## Try it
Transcribe the data below verbatim from the line with "Police Officer: A" to the line with "- High Safety". Include both of those lines.

————

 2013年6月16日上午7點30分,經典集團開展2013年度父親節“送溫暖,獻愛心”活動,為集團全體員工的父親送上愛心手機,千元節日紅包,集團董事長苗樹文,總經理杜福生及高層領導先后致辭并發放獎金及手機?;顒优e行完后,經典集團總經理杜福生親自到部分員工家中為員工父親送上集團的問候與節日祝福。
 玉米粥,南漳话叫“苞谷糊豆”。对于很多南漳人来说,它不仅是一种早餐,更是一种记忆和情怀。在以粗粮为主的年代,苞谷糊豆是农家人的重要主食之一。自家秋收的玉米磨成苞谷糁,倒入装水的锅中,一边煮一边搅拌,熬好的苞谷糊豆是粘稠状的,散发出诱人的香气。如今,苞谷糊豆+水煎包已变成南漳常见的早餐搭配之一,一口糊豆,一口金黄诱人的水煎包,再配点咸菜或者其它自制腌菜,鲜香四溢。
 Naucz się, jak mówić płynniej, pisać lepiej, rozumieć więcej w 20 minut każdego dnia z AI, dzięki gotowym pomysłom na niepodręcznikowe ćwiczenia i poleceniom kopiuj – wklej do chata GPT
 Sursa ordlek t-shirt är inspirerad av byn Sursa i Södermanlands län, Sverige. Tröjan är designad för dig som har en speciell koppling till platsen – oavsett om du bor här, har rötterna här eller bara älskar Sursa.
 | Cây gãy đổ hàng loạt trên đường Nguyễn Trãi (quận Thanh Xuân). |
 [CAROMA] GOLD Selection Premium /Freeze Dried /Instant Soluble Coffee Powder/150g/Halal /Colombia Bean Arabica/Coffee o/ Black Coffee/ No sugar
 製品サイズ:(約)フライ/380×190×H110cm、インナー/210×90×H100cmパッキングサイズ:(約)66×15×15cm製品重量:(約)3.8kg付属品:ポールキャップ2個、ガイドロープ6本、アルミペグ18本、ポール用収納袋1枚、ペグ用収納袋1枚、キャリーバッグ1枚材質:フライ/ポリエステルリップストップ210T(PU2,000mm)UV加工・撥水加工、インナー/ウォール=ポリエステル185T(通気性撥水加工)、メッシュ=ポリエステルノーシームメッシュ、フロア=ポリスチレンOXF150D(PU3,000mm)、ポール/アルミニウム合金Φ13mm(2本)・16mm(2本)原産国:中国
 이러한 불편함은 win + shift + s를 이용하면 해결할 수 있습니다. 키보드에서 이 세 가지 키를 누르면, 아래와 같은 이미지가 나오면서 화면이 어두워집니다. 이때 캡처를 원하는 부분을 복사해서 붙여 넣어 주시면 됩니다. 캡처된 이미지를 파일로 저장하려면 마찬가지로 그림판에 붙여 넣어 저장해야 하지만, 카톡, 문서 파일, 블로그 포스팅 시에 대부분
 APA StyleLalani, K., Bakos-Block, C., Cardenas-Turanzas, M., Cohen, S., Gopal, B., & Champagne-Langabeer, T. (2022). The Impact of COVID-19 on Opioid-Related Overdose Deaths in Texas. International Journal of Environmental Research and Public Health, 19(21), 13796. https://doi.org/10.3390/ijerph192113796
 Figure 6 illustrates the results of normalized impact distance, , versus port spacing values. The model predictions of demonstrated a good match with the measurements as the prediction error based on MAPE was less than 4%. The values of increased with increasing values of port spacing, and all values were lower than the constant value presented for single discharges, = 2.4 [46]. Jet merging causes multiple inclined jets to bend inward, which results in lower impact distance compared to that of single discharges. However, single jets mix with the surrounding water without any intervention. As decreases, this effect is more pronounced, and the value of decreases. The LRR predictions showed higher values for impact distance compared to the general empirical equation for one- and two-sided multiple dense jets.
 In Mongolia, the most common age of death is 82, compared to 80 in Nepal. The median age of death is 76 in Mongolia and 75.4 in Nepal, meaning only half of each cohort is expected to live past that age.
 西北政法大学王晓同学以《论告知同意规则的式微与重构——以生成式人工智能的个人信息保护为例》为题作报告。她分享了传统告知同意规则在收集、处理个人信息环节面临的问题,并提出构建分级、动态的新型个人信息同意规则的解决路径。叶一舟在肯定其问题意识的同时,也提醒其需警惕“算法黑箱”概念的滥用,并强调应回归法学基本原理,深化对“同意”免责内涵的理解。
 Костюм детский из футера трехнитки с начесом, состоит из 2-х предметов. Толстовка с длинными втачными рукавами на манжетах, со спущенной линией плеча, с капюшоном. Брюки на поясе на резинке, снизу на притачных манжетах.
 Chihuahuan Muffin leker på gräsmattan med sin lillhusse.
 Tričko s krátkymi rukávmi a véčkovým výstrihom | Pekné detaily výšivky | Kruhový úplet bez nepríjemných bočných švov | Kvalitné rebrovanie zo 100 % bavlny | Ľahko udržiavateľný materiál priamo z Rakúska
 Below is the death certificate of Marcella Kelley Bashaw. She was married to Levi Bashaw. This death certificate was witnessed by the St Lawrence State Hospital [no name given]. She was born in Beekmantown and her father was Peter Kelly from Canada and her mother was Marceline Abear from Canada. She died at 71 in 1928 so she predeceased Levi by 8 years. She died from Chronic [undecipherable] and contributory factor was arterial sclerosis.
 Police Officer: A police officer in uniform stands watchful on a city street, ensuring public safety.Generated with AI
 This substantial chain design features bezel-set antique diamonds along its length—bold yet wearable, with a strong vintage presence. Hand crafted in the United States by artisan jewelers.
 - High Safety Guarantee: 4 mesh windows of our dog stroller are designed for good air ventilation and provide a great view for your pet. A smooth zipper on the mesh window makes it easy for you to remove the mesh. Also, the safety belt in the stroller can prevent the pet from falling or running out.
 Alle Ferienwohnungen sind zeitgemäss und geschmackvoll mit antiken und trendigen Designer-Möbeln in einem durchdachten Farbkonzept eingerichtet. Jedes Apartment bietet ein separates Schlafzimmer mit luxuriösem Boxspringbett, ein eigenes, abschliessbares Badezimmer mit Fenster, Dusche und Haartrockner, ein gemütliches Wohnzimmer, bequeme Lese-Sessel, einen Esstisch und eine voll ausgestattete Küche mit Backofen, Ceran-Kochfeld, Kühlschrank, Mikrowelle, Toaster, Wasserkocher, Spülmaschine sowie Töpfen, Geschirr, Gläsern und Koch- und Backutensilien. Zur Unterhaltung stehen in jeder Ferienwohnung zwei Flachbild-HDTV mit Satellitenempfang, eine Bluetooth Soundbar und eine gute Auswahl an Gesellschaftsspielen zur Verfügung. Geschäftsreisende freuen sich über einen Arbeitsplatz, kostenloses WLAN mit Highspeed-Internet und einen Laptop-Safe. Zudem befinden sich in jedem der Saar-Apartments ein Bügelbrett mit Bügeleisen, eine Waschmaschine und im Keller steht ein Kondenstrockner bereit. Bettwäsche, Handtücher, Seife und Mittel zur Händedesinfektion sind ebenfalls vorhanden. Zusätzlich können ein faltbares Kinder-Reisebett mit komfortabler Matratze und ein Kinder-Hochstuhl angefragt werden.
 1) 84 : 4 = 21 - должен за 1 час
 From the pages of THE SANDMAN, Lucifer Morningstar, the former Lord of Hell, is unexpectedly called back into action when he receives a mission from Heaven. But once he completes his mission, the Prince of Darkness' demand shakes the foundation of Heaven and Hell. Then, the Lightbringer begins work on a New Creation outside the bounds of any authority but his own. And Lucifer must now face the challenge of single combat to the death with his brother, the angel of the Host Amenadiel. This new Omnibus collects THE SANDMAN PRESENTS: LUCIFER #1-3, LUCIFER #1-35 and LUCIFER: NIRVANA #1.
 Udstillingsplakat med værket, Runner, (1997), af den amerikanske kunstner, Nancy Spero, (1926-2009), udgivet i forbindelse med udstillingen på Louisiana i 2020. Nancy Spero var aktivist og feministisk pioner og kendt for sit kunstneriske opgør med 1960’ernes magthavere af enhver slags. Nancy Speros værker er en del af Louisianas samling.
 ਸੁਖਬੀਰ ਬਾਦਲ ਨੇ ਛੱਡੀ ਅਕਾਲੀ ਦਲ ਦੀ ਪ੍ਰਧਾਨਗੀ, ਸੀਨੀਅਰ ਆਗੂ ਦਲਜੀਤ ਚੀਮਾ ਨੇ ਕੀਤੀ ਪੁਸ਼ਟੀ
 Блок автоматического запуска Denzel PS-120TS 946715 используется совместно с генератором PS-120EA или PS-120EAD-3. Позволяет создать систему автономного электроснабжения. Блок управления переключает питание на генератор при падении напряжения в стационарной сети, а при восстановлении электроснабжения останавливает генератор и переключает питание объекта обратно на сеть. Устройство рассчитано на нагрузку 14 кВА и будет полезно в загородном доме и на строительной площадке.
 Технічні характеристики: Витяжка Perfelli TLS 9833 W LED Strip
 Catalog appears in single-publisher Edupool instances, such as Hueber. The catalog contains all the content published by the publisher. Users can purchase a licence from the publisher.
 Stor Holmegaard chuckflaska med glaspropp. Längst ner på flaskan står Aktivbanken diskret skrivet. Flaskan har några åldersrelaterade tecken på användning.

————

## Solution for this problem
 Police Officer: A police officer in uniform stands watchful on a city street, ensuring public safety.Generated with AI
 This substantial chain design features bezel-set antique diamonds along its length—bold yet wearable, with a strong vintage presence. Hand crafted in the United States by artisan jewelers.
 - High Safety Guarantee: 4 mesh windows of our dog stroller are designed for good air ventilation and provide a great view for your pet. A smooth zipper on the mesh window makes it easy for you to remove the mesh. Also, the safety belt in the stroller can prevent the pet from falling or running out.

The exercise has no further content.